02/13/2014 - Robert (Bob) Lee Roland
Inurnment services for Robert (Bob) Lee Roland, age 89, will be Friday, February 14, 2014 at 11:00 AM at the Nebraska Veterans Cemetery in Alliance, Nebraska, with full Military Honors by the American Legion Post #9 of Hemingford, Nebraska.
Luncheon will follow at the St. Bridget’s Parish Center in Hemingford.
Memorials may be made to the Farm and Ranch Museum, 2930 Old Oregon Trail, Gering, Nebraska 69341.
Robert (Bob) Lee Roland passed away peacefully February 6, 2014, as the result of "too many summers" as he would say. He was born April 14, 1924, on a farm near Malvern, Iowa, to Merie Dorcus (Midert) Roland and Lee Albert Roland. He was an only child.
In 1942, he graduated from Glenwood High School in Glenwood, Iowa, and followed the harvest that summer, scooping grain on and off his dad's 1941 Chevy truck.
He entered the Army in March 1943, where he was selected for the Army Specialized Training Program (ASTP) and sent to Georgetown University to study Engineering. In February 1944, in anticipation of the D-Day invasion and need for replacements, he was sent to the 102 Infantry Division, 406th regiment where he served as a jeep driver in an 81mm mortar platoon. He was honorably discharged as a Staff Sergeant in March 1946 and awarded the Bronze Star.
Bob followed the harvest again in 1946. That fall he enrolled at UNL to complete the Engineering degree he had begun previously and worked at a gas station while attending school. The University was overcrowded and had few instructors, so after his third semester he left school and moved to California with his parents. There he worked as a temporary postman and also began his career in the construction trades with a starting wage of $1/hour.

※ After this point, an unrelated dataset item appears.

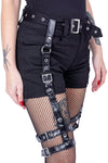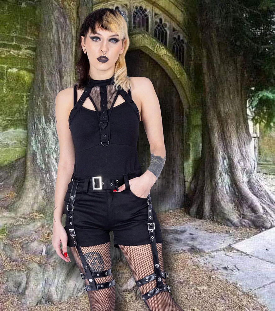 - Black cotton shorts with detachable faux leather leg harness straps: Combine edgy style with a touch of sophistication.

In San Bernardino, California, he met Josephine Roma at a dance, and they married on June 4, 1949. Together they had four children; Nancy, Carl, Lynda, and Alan. He was hired as superintendent for the construction of three Catholic churches in the San Diego Dioceses. He later started his own general contracting and building supply business in 1955, which he operated until 1978.
He purchased a small grain farm near Hemingford, Nebraska, in 1966. He and his family divided their time between California and Nebraska for a number of years. Eventually, he left California and moved to Hemingford permanently in 1978. He was elected to and served on the Upper White Niobrara NRD board from 1980 to 1990. He continued to farm until he was 88 years old and could no longer climb the tractor ladder.
He enjoyed traveling and seeing different parts of the country and was a very sociable guy. He liked to visit and get to know folks. Morning coffee at the old Mini Max in Hemingford was a large part of his social life along with the occasional small $0.50 glass of beer at KC’s or The Legion.
He was proud of his military service and to be an American. His wife was of Italian ancestry and he was of German decent, so many of his in-laws and relatives were first generation Americans, or from the 'old country'. He gained an even deeper appreciation for this country from their immigrant experiences. Although he had a respect for the government and military, he also held a healthy suspicion of those same institutions.
Farm auctions were his hobby and social event. He enjoyed history and collecting old trucks, tractors, and farm machinery. He always wanted to restore his collectables. He donated an old building to the Village of Hemingford which was torn down and converted to the Roland Memorial Park.
He made certain every one of his kids and grandkids were competent tractor, combine, and/or truck drivers. He would probably say his best accomplishment was raising and educating his four children and seeing his family grow through grandkids and great-grandkids.
Daughters: Nancy (Dennis) Zajic; Lynda Roland
Sons: Carl Roland; Alan (Loretta) Roland
Grandchildren: Holly (Clint), Heidi (Justin), Andrew (Steph), Ashley (Kurt), Megan, James, and Brandon.
Great-Grandchildren Zane, Mason, Peyton, Ezra, Chloie, and Hadley.
He made a lasting impression on the extended families of DiGioia, Rogers, Fraser, Dillon, and many others.
Bates-Gould Funeral Home in Alliance in charge of arrangements.